# Concept 2: Bag of Words & TF-IDF

### Bag of Words:
- Count how many times each word appears in a text

### TF-IDF:
- Smart counting method that considers the importance of words
- Combines how often a word appears in a specific document with how rare that word is across all documents

![Bag of Words Illustration](images/bag_of_words.png)

### Think Like a Word Counter

- Example sentence: "I love cats, I love dogs"

- Word counts:
  - "I" appears 2 times
  - "love" appears 2 times
  - "cats" appears 1 time
  - "dogs" appears 1 time

- This is similar to counting ingredients in a recipe! 👨‍🍳

### Real-World Application: Google Search

- **TF (Term Frequency):** How often does "Python" appear in an article?
- **IDF (Inverse Document Frequency):** Is "Python" rare across many articles?
- **Result:** Words that are rare and appear often are considered very important!

This helps search engines rank the most relevant results! 🔍

### Let's Count Some Words!

We'll build our own word counter from scratch

In [None]:
from collections import Counter

text = "I love Python. Python is amazing."
words = text.lower().split()
word_counts = Counter(words)

print(word_counts)

🚀 [Open in Colab](https://colab.research.google.com/github/Roopesht/codeexamples/blob/main/genai/python_easy/2/concept_2.ipynb)

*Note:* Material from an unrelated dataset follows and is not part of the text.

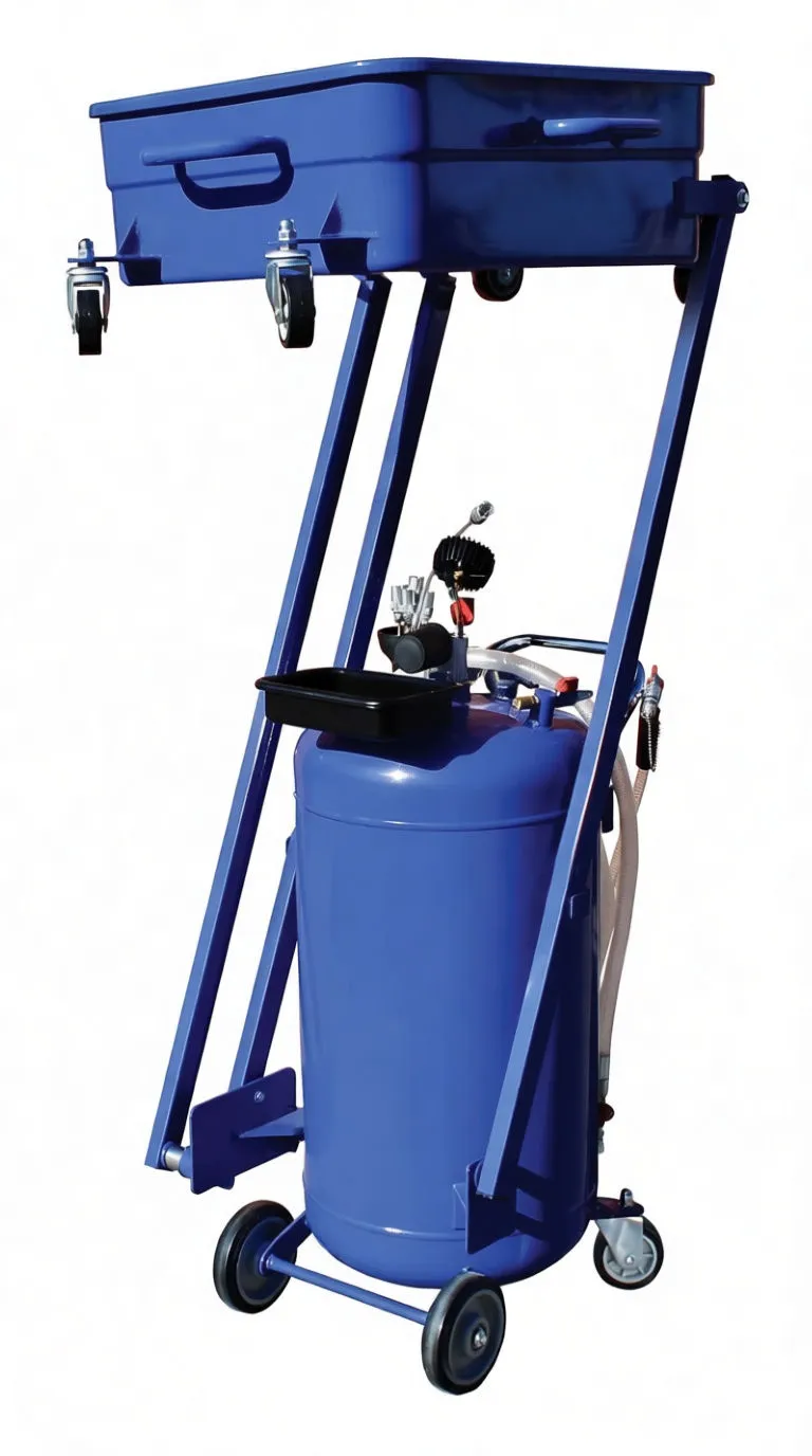 Mobile 90L oil extraction system with adjustable pantograph tray and pneumatic emptying for efficient fleet maintenance.

### Bag of Words Made Simple

- It's just smart counting:
  - Count every word in your text
  - TF-IDF gives extra importance to rare but frequent words
  - Common words like "the", "a" are less important

### TF-IDF from a Different Angle

**Whiteboard Time! 📝**
- Think of TF-IDF as highlighting important or meaningful words in a text — rare words that appear often are the most significant!

I hope this explanation makes things clearer!

### Quick Check

- TF-IDF helps find the most meaningful words by balancing how often they appear with how rare they are.
- If analyzing movie reviews, which words do you think TF-IDF would consider most important?